TULSA, Okla. (AP) _ A federal judge denied a motion to stop the Cherokee Nation's June 23 general election brought by descendants of people the tribe once owned as slaves.
Last month, descendants of freed Cherokee slaves, commonly known as freedmen, filed a motion for preliminary injunction to stop the tribe's election, in which current Chief Chad Smith is running for re-election.
U.S. District Judge Henry H. Kennedy Jr. denied the injunction on the grounds a Cherokee tribal court reinstated the freedmen descendants the right to vote last month and the Bureau of Indian Affairs had approved the upcoming election.
``We have said that this group's effort to stop the election was a remedy in search of a wrong, as all eligible non-Indian Freedmen citizens of the Cherokee Nation can vote in this election,'' said Principal Chief Smith in a statement. ``We're also pleased that his decision respects our tribal court decisions and the more than 300 non-Indian Freedmen who won a ruling in our tribal court to participate in the June 23 election.''
But Marilyn Vann, president of the Oklahoma City-based Descendants of Freedmen of Five Civilized Tribes, said she was surprised by the decision and said the freedmen are being treated unequally.
``If there was any election where any other group of people were severely limited in being able to go to the polls and exercise their legal right, I think everyone would be up in arms,'' Vann said.
In March, Cherokee voters decided in a special election to amend the nation's constitution to remove about 2,800 freedmen descendants and other non-Indians from the tribal rolls.
About two weeks after the freedmen descendants filed their motion, the nation's attorney general agreed to a temporary injunction in tribal court allowing the freedmen descendants to maintain their citizenship while they appeal the constitutionality of the election.
An attorney for the freedmen in the federal case called the temporary injunction an ``11th-hour maneuver'' to give the election an appearance of legitimacy.
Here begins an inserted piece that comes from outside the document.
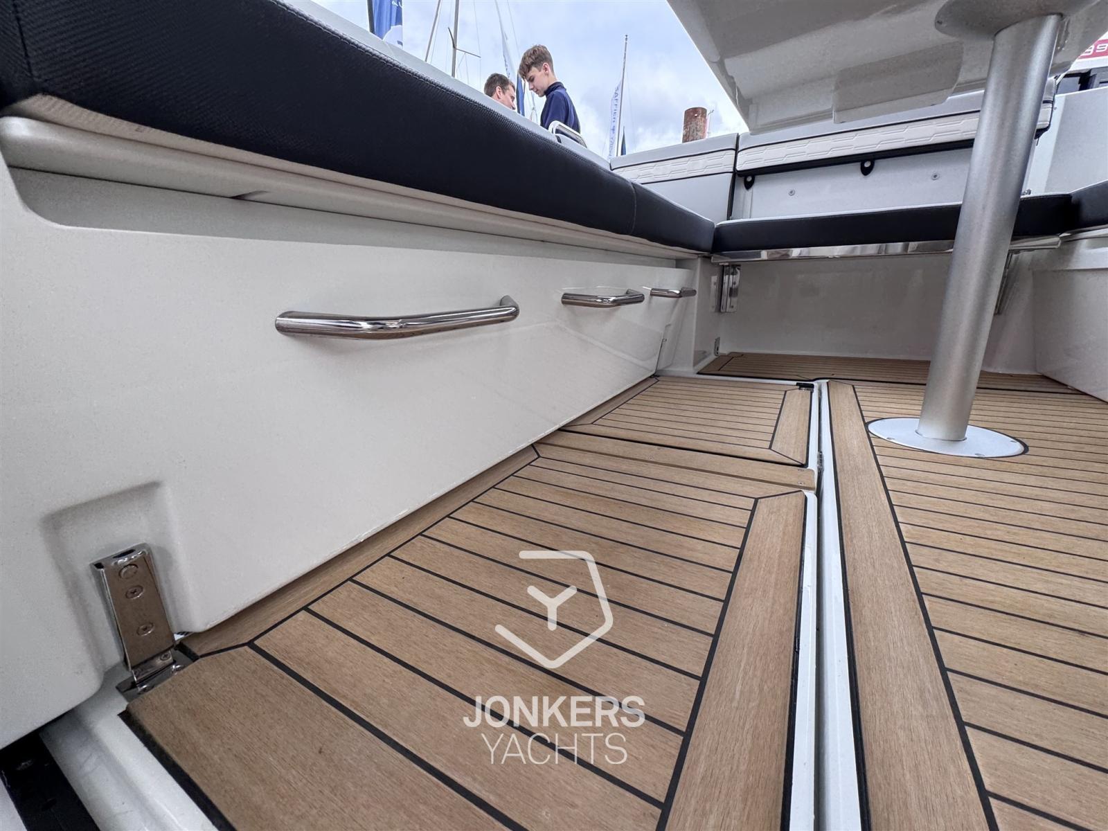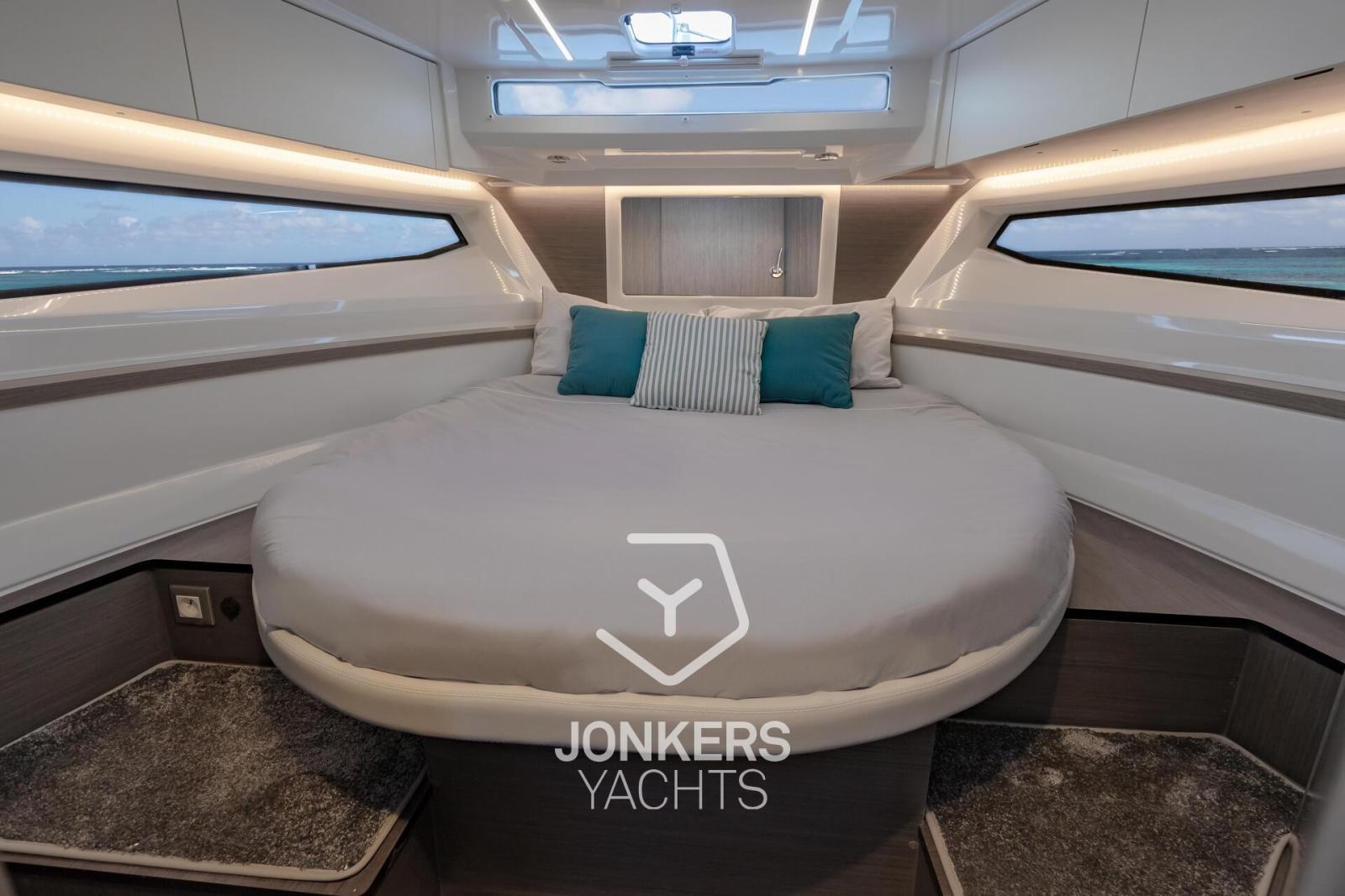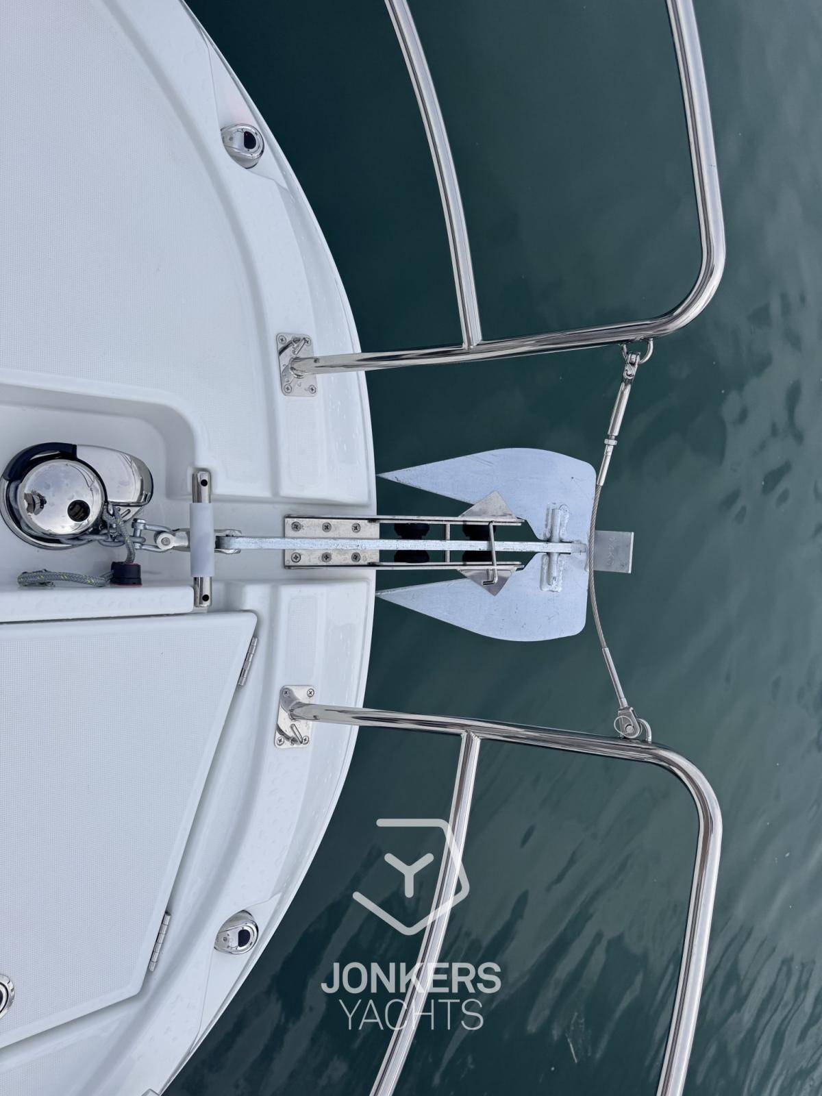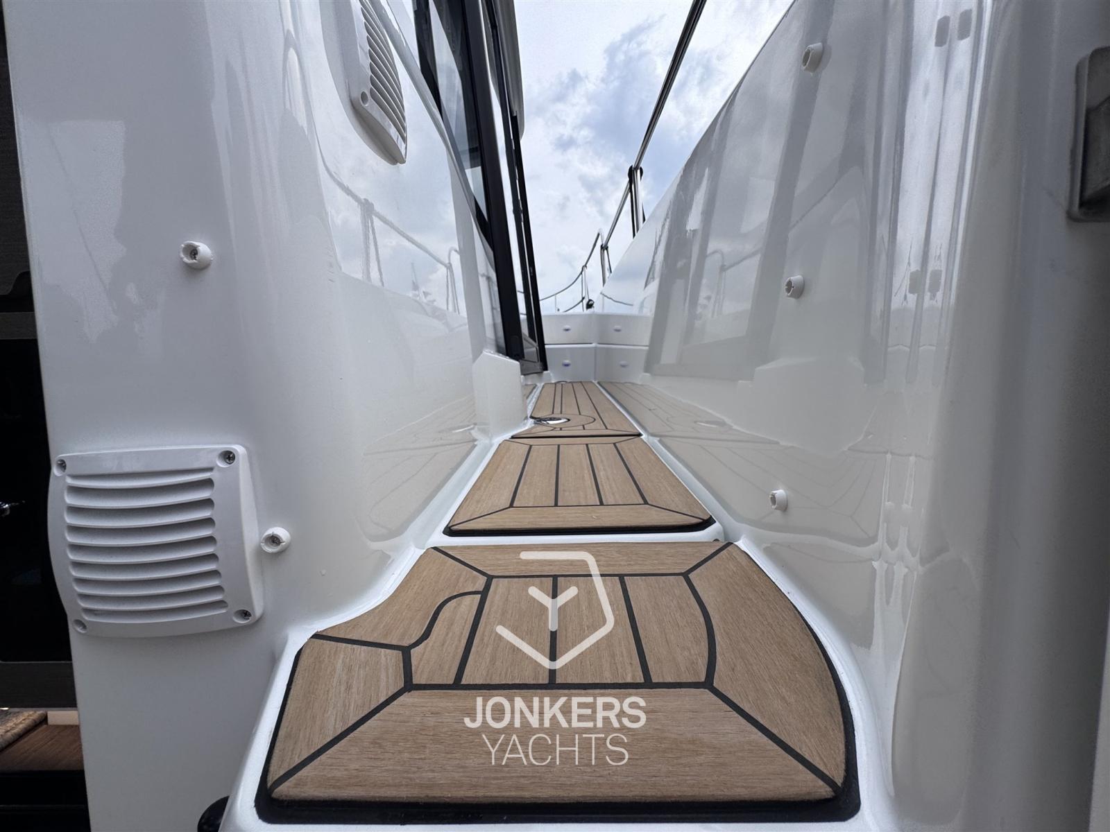 The large windows in the hull and the coachroof roof, fit seamlessly into the powerful, sporty silhouette. The new hull allows planing from 20 knots, a speed easily achieved with her two engines, 2 x 250 HP at maximum speed, providing comfort and maneuverability.

Vann called the upcoming election ``illegal,'' but pledged that ``the freedmen people are planning to participate in the election to work for the election of the best candidates.''
Principal Chief Smith said the issue had nothing to do with race and ``everything to do with who can be an Indian in an Indian tribe and the proper exercise of our sovereignty to define our citizens.''
Based in Tahlequah, the Cherokee Nation occupies 14 counties in northeastern Oklahoma and is the largest tribe in the state, and the second largest in the U.S.